One is fast, and one is slow.
4. Learning how to think fast and slow
Now that you have a better idea of what you should work on for your chess, let’s zoom out and look at what tactics really are through these two core skills.
The fast skill is pattern recognition. It’s that instant feeling you get that there’s something in this position. Your brain says, “Wait... I’ve seen this before.”
The slow skill is calculation. This is where you stop and check if your idea actually works. You go move by move, line by line, without guessing.
A psychologist named Daniel Kahneman called these two ways of thinking System 1 and System 2.
In chess, System 1 is your instinct. It tells you something might be there.
System 2 is your careful thinking. It tells you what’s there, and whether it really works. You need both to play well.
You can improve your pattern recognition by solving a lot. The more reps you put in, the better your instinct becomes. Let’s call it quantity training. Masters have solved thousands, tens of thousands of tactics.
Your calculation gets better with slow, honest work. You work on harder positions, write down your lines, and don’t count a puzzle as solved if you missed something important. Let’s call it quality training.
For calculation, a good rule is to choose exercises you can solve about 70% of the time with real effort. If they’re too easy, you don’t learn, and if they’re too hard, you burn out.
And remember, you don’t learn patterns only from puzzles. You learn them from
- your own games,
- looking at your mistakes,
- studying games and
- playing through classics.
The more places you learn from, and the higher their quality, the stronger your instinct gets.
Knowing how tactics work in your brain is great... but none of it matters unless you can execute it in your games. This is where everything we’ve talked about comes together.
The goal: finding tactics in your games
If there’s one thing I want you to remember from this post, it’s that the goal isn’t to be good at puzzles. The goal is to get better at finding tactics in your actual games, when your palms are sweaty, the clock is running and pieces are everywhere. That’s what your training’s for.
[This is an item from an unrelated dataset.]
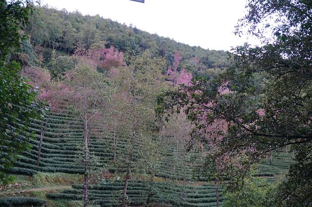 第二天一早,天边刚泛出鱼肚色,我就起来,等我整理完,几个摄影爱好者己不见踪影,自己就凭着感觉到二号景区去游览,来到这片神奇的土地上时,被这梦幻般的景色迷住了,那满峡谷的淡雾,如轻纱曼舞在山间游荡,那满山的樱花树在淡雾中若影若现,像一幅幅油画,真是美极了,当太阳从云缝中透过来时,霞光万丈,那樱花树在蓝天白云下亭亭玉立,在霞光照耀下泛着娇嫩的粉红色,和山上的茶树交相辉映,层层叠翠,红绿相间,是那样的醒目鲜艳,绚烂的冬樱花争奇斗艳,摇曳生姿。粉红色的花,白色的云雾,绿色的茶园,娇艳的樱花错落有致,那景色无以伦比,如同一棵棵红宝石缀落在绿毯上,美轮美奂,让人迷醉之间,远远望去,一株株樱花与层层茶田相得益彰,谱写着绿茶红樱相恋相守的浪漫乐章。真是美景藏在深山无人知,在这么一个深山峡谷中会有如此美丽的景色,此景美不胜收,构成一幅迷人仙境。望着那绽放的冬樱花,开得恣意,开得欢腾,如难得一见的繁英绚烂,就在这个冬天自由盛放。苍翠茶园相伴,幽幽山谷相守,此处正是最孤芳自赏的美好地方。若遇晨雾缭绕,只在迷蒙微光间泄露那红粉的娇俏,就像是欲出仍遮面的段誉口中的神仙姊姊,不需人识,只能偶遇。

Your pattern recognition training should be quick and often, and your calculation training should be slow and challenging.
And consistency always beats intensity. If you can train every day, great. If not, a few days a week still works really well. Sometimes you go through a phase where solving tactics feels like a fun game, and you rack up thousands of puzzles. Honestly, that can help a lot because you’re so into it. But it’s hard to keep that up forever, so what you want is a habit you can stick to without burning out.
If you have someone to train with or talk tactics with, that’s always good, as well as having a coach who can guide you in the right direction.
Summary
So, this is one way to improve your tactics that’s worked for me and students I’ve taught.
- you add a layer to your identity
- you train what matters at your rating level
- you find the gaps in your tactics from your own games, and
- you work on both your fast and slow thinking.
When these four things line up, your tactics won’t just be better in puzzles. They’ll start showing up in your real games.
And that is how... you become a real tactician.
Real life is, to most men, a long second-best, a perpetual compromise between the ideal and the possible; but the world of pure reason knows no compromise, no practical limitations ...
—Bertrand Russell, The Study of Mathematics
What’s helped you with tactics in your chess life?